UC Sampdoria
- Manager: Bernardo Corradi
- Stadium: Stadio Luigi Ferraris
- Serie B: 17th
- Coppa Italia: First Round vs Cremonese
- Top goalscorer: League: Lorenzo Insigne (2) All: Lorenzo Insigne (2)
| Home colours | Away colours |
- ← 2025–262027–28 →

= 2026–27 UC Sampdoria season =

The 2026–27 season is UC Sampdoria's 81st season in existence and the club's fourth season in Serie B, the second division of Italian football. In addition to the domestic league, UC Sampdoria will participate in this season's edition of the Coppa Italia. The season covers the period from 1 July 2026 to 30 June 2027.

==Season review==
===Preseason===
On 16 June, Sampdoria announced that they had exercised an option in their loan deal with Parma for Tjaš Begić, to make the transfer permanent, with Begić signing a contract until 30 June 2030.

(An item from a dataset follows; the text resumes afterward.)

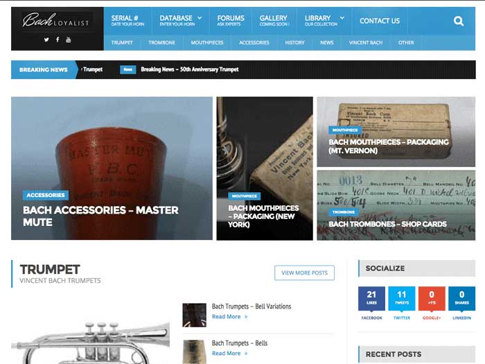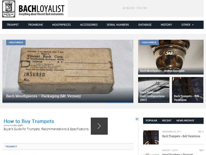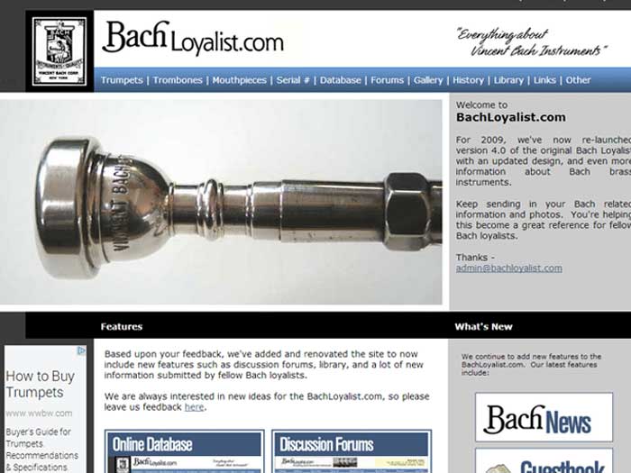 We updated the design and added a lot of content in 2009 to BachLoyalist. The site was still hand-coded using HTML, and specific details on Bach Trumpets, Trombones, Mouthpieces, and updated Serial Number lists were added.

On 25 June, Sampdoria announced the appointment of Bernardo Corradi as their new First Team Coach.

===July===
On 1 July, Sampdoria announced the signing of Stefan Gartenmann from Ferencváros on a contract until 30 June 2028.

On 3 July, Víctor Narro joined Hércules on loan for the season, with an option and obligation to buy on condition to make the transfer permanent.

On 8 July, Sampdoria announced the signing of Lorenzo Insigne from Pescara on a contract until 30 June 2027, with an option to extend until 30 June 2028.

On 10 July, Sampdoria announced that Gaëtan Coucke had been sold to Cercle Brugge. Also on10 July, Sampdoria announced the signing of Danel Sinani from St. Pauli on a contract until 30 June 2028.

On 18 July, Sampdoria announced the signing of Tobias Lauritsen from Sparta Rotterdam on a contract until 30 June 2029.

On 21 July, Sampdoria announced that they had signed their first professional contract with Tommaso Casalino, until 30 June 2029, and that the midfielder had joined US Pianese on loan.

On 31 July, Sampdoria announced the permanent signing of Mattia Viti from Nice on a contract until 30 June 2030.

===August===
On 1 August, Sampdoria announced that Lorenzo Malanca had joined Vado on loan.

On 3 August, Sampdoria announced that Estanis Pedrola had been sold to Real Oviedo for an undisclosed fee.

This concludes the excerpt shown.